Pengyi barely suppressed a laugh as they bowed back. "Welcome. Very." Northmarch got the same. Finally they turned to me.
"Lots of thanks," I managed in their language. "I alive from you. No, because you."
"It was my honor." Were they smiling under that scarf? They said something too fast to understand, then repeated it slower for me. "Maybe I go see you. Send message, Ellery!" seemed to be the gist.
"Fauy!" I said back happily. They nodded eagerly, bowed to us all once more, then disappeared into the trees fast and silent as a shadow. They'd really been slowing it down for us. Must have been a pain.
The three of us finally, finally stepped out from under the trees and stomped back up to the gravel lot. Miracle of miracles, the truck was still present and upright. My dad shucked off his pack and slumped hard against the side of the bed.
"That was incredible, but Bard kill me if I'm not glad it's over. I need a nap."
Northmarch nodded, looking down at his scratch-and sap-covered torso. "I need a bath."

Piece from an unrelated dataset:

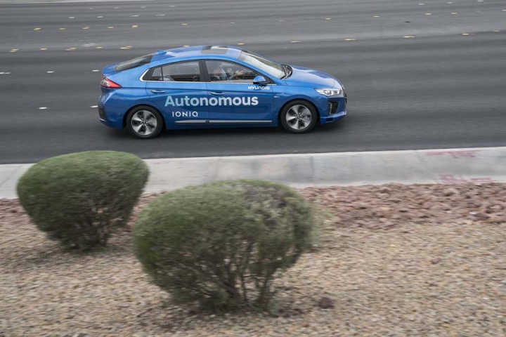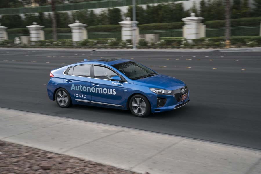 The autonomous car in question is an Ioniq, with two examples navigating test routes around the Nevadan city as part of trials in urban environments, while visitors to CES can experience a driverless journey in a virtual reality simulator on the carmaker's show stand. Hyundai is particularly proud of the way it has hidden the LiDAR technology for the self-driving Ioniq behind its front bumper, rather than mounting it on the roof.

I dropped my pack and stretched. "I need a fucking drink."
They looked at me for a second, then nodded in unison. "I got a handle of Novy Pskova at the shop," said Dad. "Let's go."
Better and better. A Prix Noire pit crew couldn't have thrown the wheels back on that truck as fast as I did. We peeled out of there with the wheels spitting gravel, leaving the park far, far behind.